Летом 1938 и 1939 г. А. Н. Колмогоров и я вместе с А. И. Мальцевым и С. М. Никольским сделали два замечательных лодочных плавания: первое от Красноуфимска до Ульяновска по рекам Уфа, Белая, Кама, Волга, второе по средней Волге. Во вторую половину 30-х годов Андрей Николаевич и я почти ежегодно ездили в Батилиман (Крым), где я подружился с А. И. Алихановым. Дружба эта первоначально была основана на общей любви к музыке и к большим заплывам в море. Тогда же и там же я познакомился со скрипачкой Славой Рошаль, вскоре вступившей в брак с Алихановым.
В 1939 г. А. Н. Колмогорова избрали в академики и он сразу тяжело и сложно заболел. После выздоровления на него нахлынуло целое море новых и ответственных обязанностей (он был избран академиком-секретарём отделения физико-математических наук и автоматически членом Президиума Академии). Со всеми этими обязанностями он справлялся хорошо и чётко, и влияние его на всю математическую и вообще научную жизнь нашей страны чрезвычайно возросло. По необходимости произошёл и глубоко отрицательный факт: Андрей Николаевич оставил директорство Института математики Московского университета.

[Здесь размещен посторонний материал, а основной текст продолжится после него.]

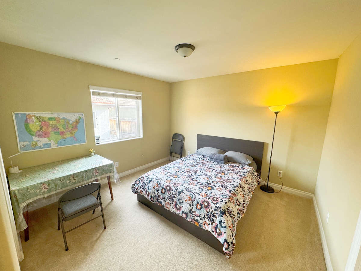 Ini adalah rumah tamu yang telah direnovasi penuh menawan yang dibangun di bagian belakang rumah kami. Kami berada di lingkungan pinggiran kota yang damai. Kamar ini memiliki tempat tidur single, kamar mandi pribadi, pintu masuk sendiri, area parkir khusus, oven microwave, kulkas kecil, pembuat kopi, piring panas 2 - burner, setrika/meja setrika; pemanas dan AC. Di sana juga terdapat patio yang bisa Anda duduki untuk menikmati cuaca California yang segar. Harap perhatikan bahwa kami meminta semua tamu untuk mengirimkan identitas resmi sebelum check - in.

В 1939 г. в Комаровку на несколько дней приехал восторженно увлечённый математикой семнадцатилетний школьник Женя Мищенко, ныне член-корреспондент АН СССР. Он вскоре был призван в армию и уехал
Сразу после демобилизации он поступил на механико-математический факультет Московского университета и стал с увлечением учиться математике. Учился он хорошо, и когда пришло время выбирать специальность, сделался топологом. Занимался он и большой общественной работой. Вступив, ещё находясь в армии, в ряды КПСС, он в университете скоро настолько выделился своей активной общественной работой, что был избран первым секретарём факультетской комсомольской организации и был им в течение нескольких лет. По окончании университета он поступил в аспирантуру под моим руководством.

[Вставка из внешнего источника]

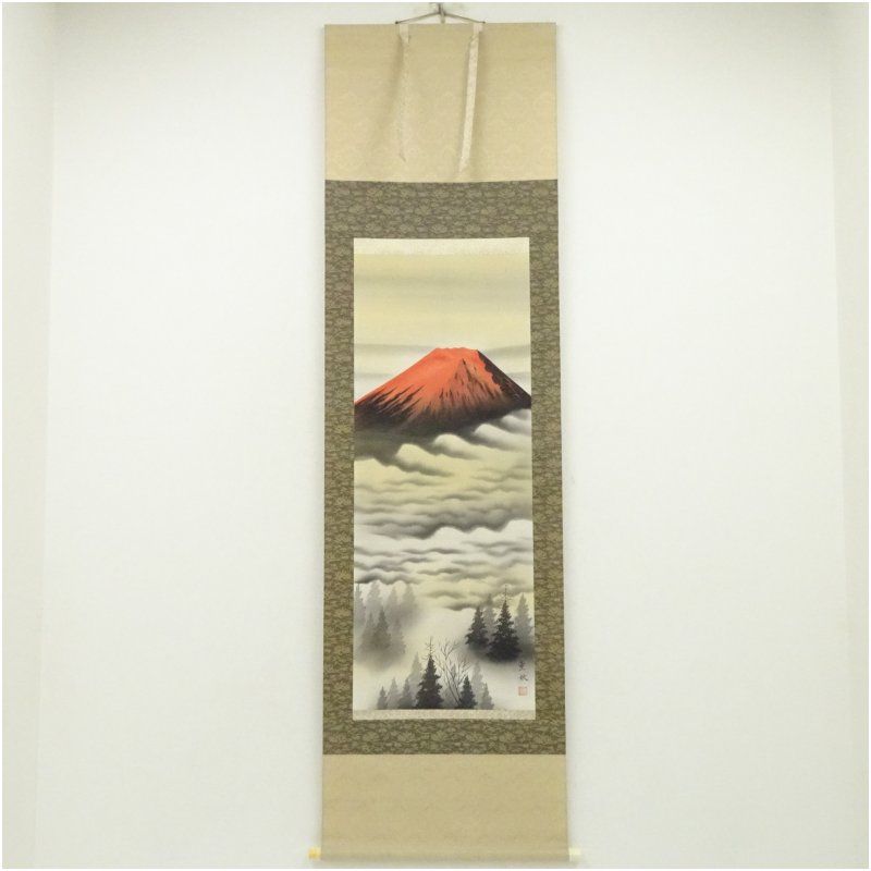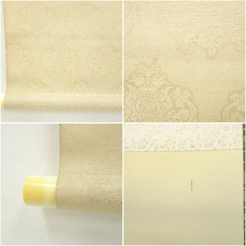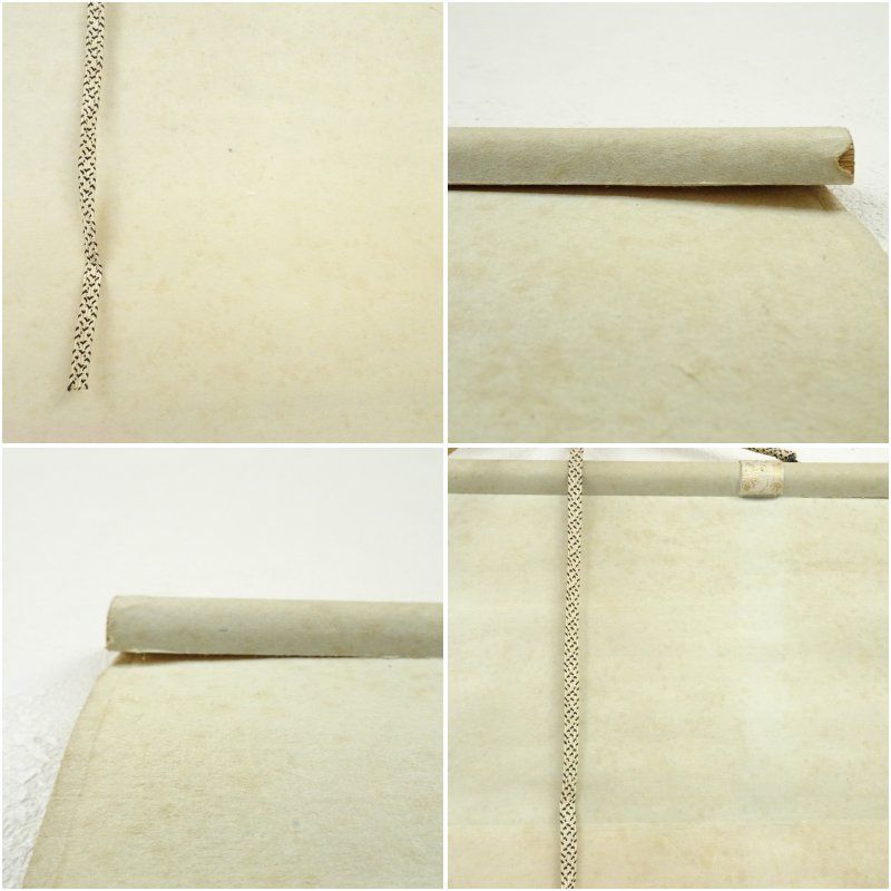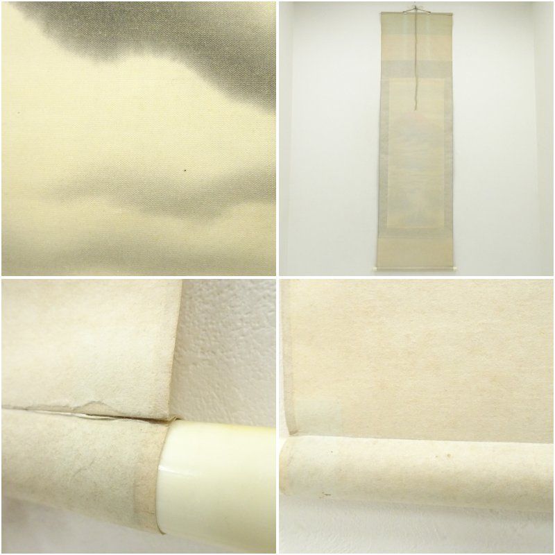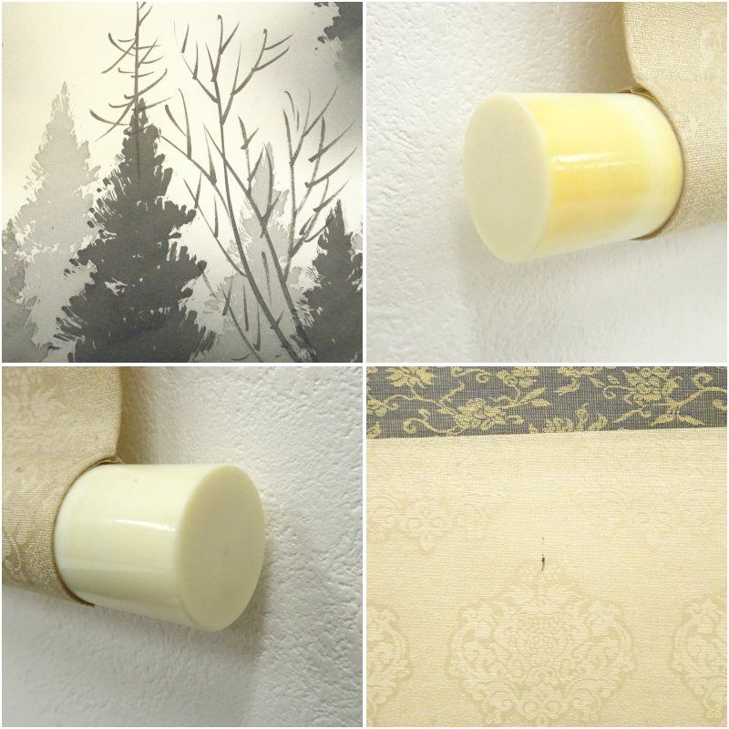 表具下部の軸先付近に破れがあります。軸先片方にヤケがあります。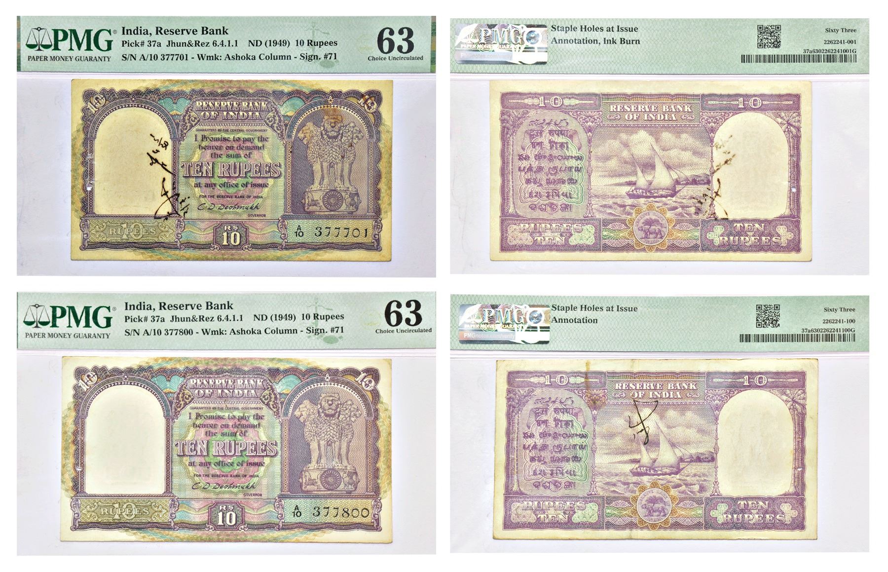 Paper Money: 10 rupees (2), Boat series, ND (1949), signed by C.D. Deshmukh, value in English in center, serial nos.: A10 377701 and 377800, J&R 6.4.1.1. (2 notes)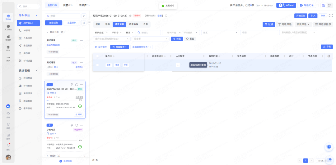 6、支持在通话记录、CRM中对单个字段内容的双击复制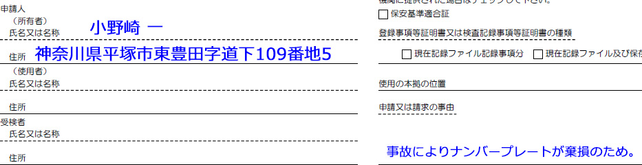 - ■(所有者):氏名及び住所 請求の事理由:「ナンバープレートの破損等」

Первая научная проблема, которую я ему дал, примыкала к моей «казанской» работе и, как я потом понял, не была удачно поставленной: она вообще так и осталась не решённой. Вторая проблема требовала построения примеров в связи с моим законом двойственности для незамкнутых множеств. Мищенко её удачно решил, проявив при этом изобретательность и конструктивные математические способности. Его результат был опубликован в «Математическом сборнике».
Ещё в студенческие годы Мищенко познакомился с Л. С. Понтрягиным и стал всё больше подпадать под его математическое влияние. Но и сделавшись в конце концов учеником Льва Семёновича, он никогда не переставал восприниматься мною как мой ученик — в соответствии с моим твёрдым убеждением в необратимости отношений между учителем и учеником: раз возникнув, эти отношения уже не могут отмениться, разве только ценою катастрофы, так же, как и отношения между отцом и сыном. Мне всегда казалось и кажется, что эта точка зрения разделяется Е. Ф. Мищенко; в соответствии с этим наши отношения, не испытав никогда никаких колебаний, всегда оставались и остаются очень сердечными.